▶ **The task**
Using the records below, output the stretch that opens with the line containing "左手に松屋を見ながら直進します。" and closes with the line containing "Dari kedua varian", exactly and including both lines, with nothing more.

▶ **Input**
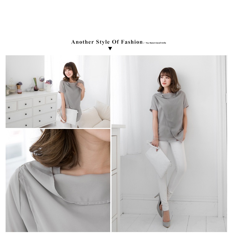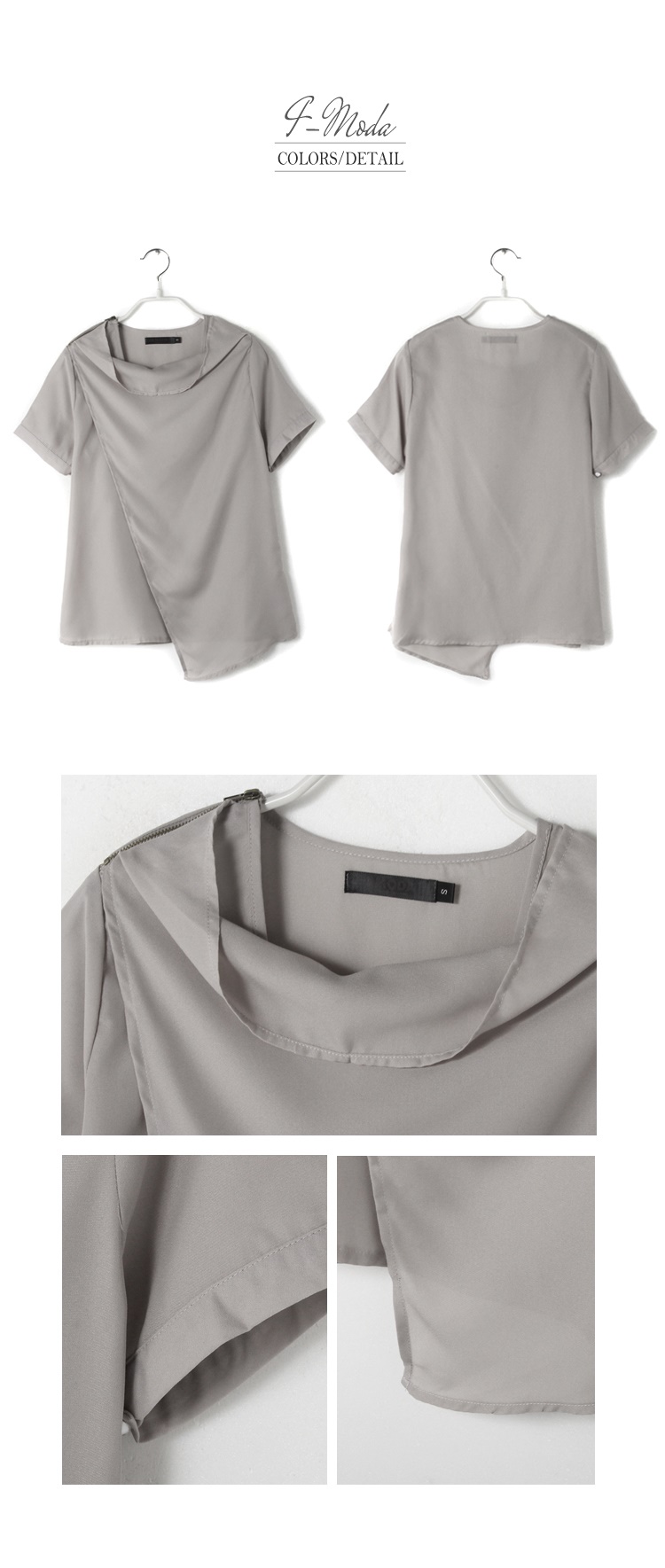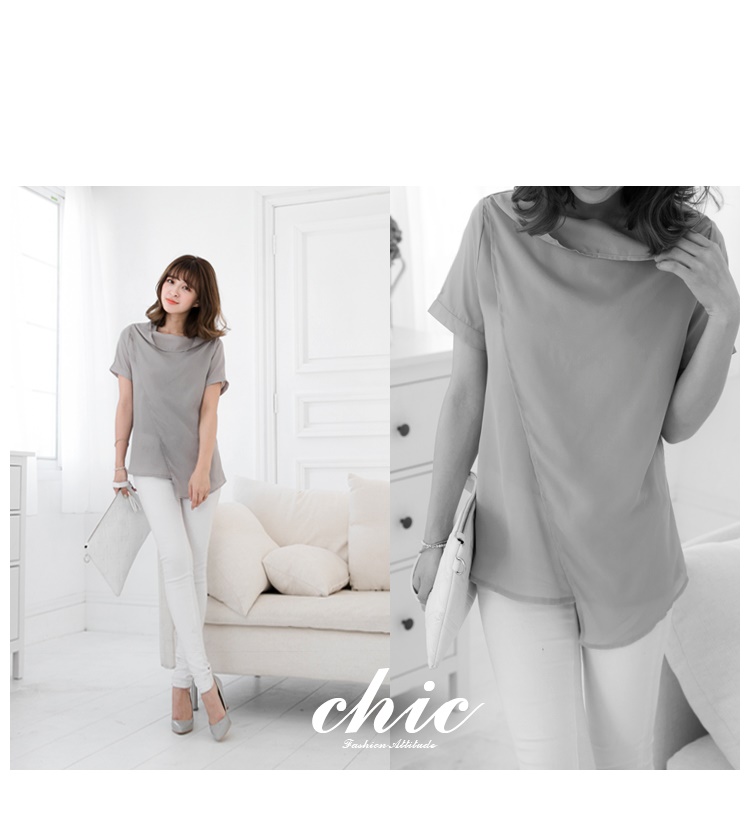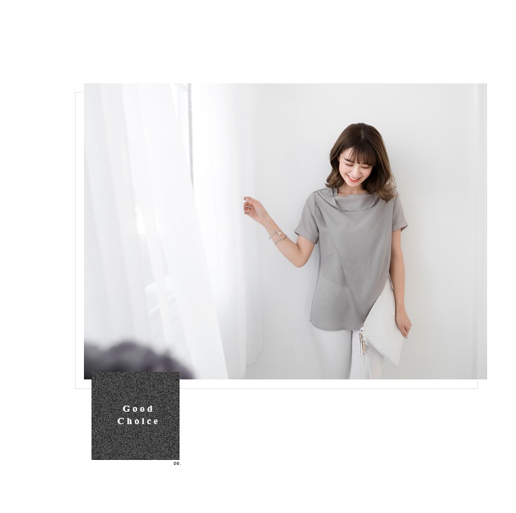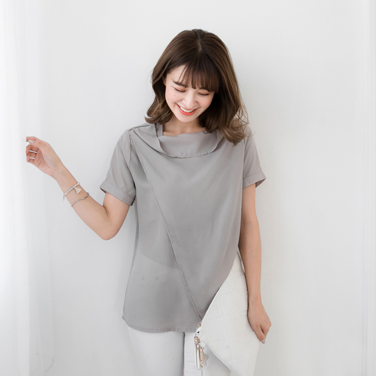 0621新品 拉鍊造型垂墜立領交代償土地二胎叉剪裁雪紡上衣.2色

...

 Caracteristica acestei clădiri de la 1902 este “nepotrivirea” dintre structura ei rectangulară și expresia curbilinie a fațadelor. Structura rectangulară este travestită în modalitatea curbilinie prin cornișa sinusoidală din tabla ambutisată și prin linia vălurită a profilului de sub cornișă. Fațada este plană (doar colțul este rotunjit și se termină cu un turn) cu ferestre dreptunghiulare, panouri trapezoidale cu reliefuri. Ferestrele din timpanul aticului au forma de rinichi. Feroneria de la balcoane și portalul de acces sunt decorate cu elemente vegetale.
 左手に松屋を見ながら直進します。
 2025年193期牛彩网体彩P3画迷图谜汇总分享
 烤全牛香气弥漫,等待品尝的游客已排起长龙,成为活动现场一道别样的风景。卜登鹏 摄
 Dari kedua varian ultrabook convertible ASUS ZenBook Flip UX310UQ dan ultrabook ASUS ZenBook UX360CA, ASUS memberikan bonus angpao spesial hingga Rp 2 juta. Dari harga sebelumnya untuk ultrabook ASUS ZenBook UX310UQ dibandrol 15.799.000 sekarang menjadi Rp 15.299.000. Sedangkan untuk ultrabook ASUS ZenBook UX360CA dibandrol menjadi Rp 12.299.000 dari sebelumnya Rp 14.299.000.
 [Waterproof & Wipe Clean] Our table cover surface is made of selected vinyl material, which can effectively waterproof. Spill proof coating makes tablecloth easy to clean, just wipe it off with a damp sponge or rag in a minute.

▶ **Exercise response**
 左手に松屋を見ながら直進します。
 2025年193期牛彩网体彩P3画迷图谜汇总分享
 烤全牛香气弥漫,等待品尝的游客已排起长龙,成为活动现场一道别样的风景。卜登鹏 摄
 Dari kedua varian ultrabook convertible ASUS ZenBook Flip UX310UQ dan ultrabook ASUS ZenBook UX360CA, ASUS memberikan bonus angpao spesial hingga Rp 2 juta. Dari harga sebelumnya untuk ultrabook ASUS ZenBook UX310UQ dibandrol 15.799.000 sekarang menjadi Rp 15.299.000. Sedangkan untuk ultrabook ASUS ZenBook UX360CA dibandrol menjadi Rp 12.299.000 dari sebelumnya Rp 14.299.000.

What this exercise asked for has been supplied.